The task —
Begin with the line that holds "Mexen Nova 3x" and retype through the last line of the listing below, exactly; pictures are not part of the copy.

Data —
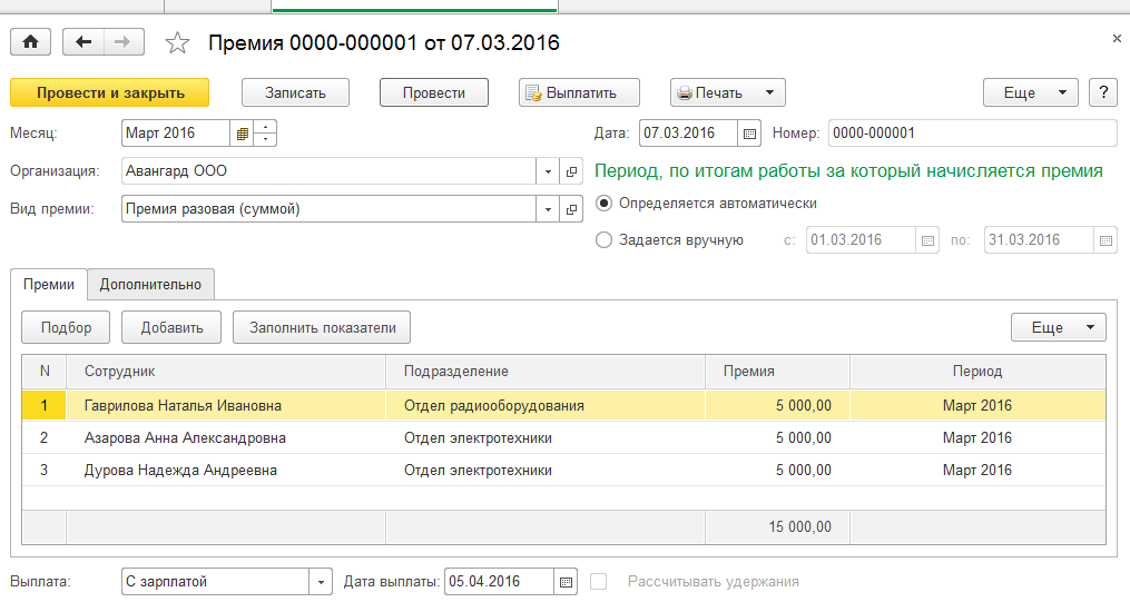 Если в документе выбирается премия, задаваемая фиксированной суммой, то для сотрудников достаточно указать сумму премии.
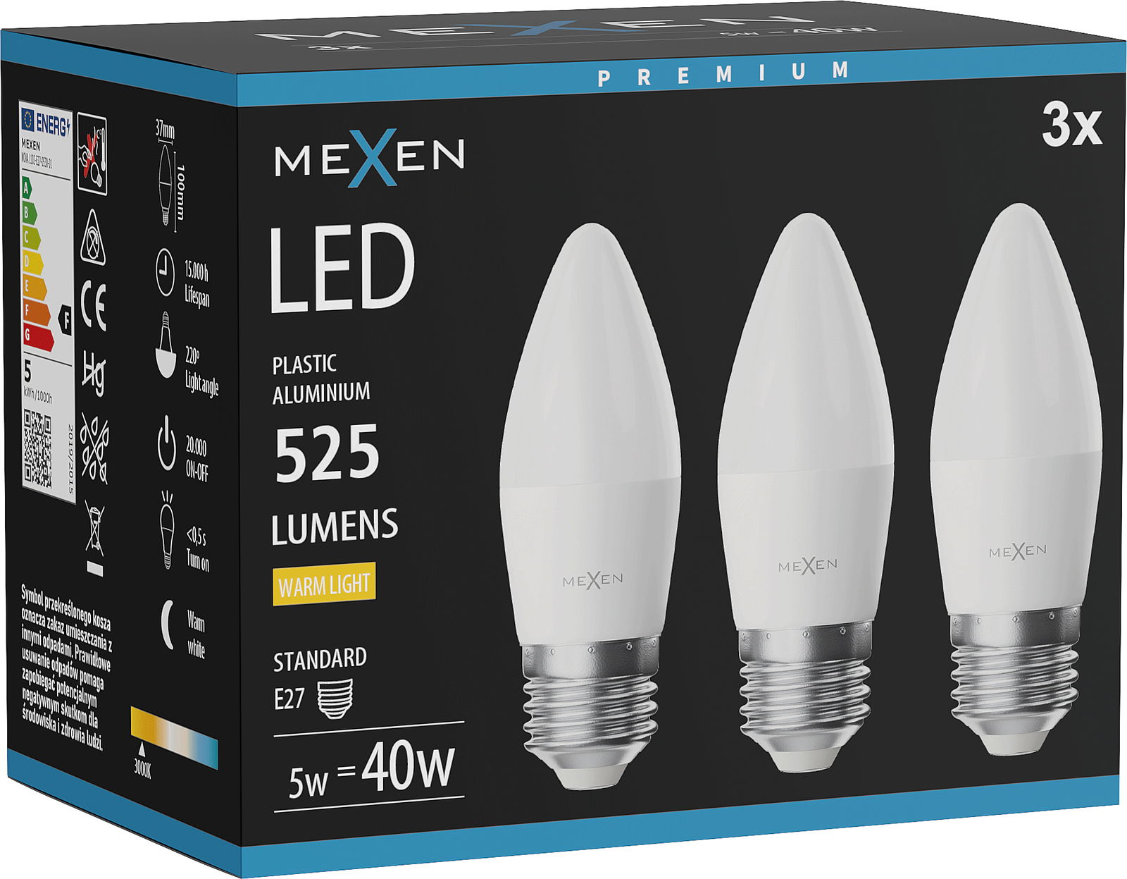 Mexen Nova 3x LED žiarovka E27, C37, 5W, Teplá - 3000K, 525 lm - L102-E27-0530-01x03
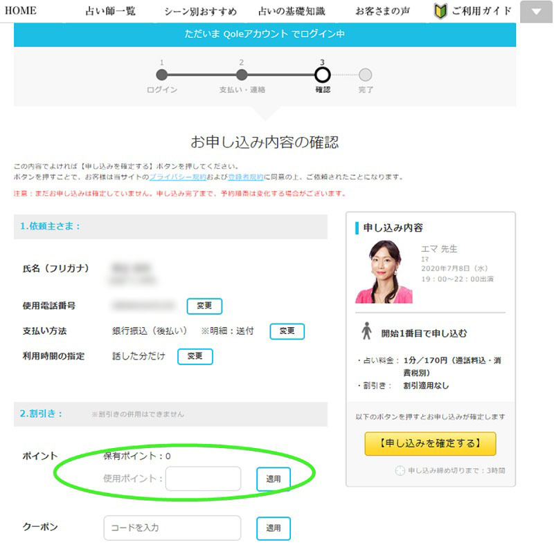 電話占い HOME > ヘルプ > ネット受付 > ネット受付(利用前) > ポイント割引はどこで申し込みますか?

Solved exercise —
 Mexen Nova 3x LED žiarovka E27, C37, 5W, Teplá - 3000K, 525 lm - L102-E27-0530-01x03
 電話占い HOME > ヘルプ > ネット受付 > ネット受付(利用前) > ポイント割引はどこで申し込みますか?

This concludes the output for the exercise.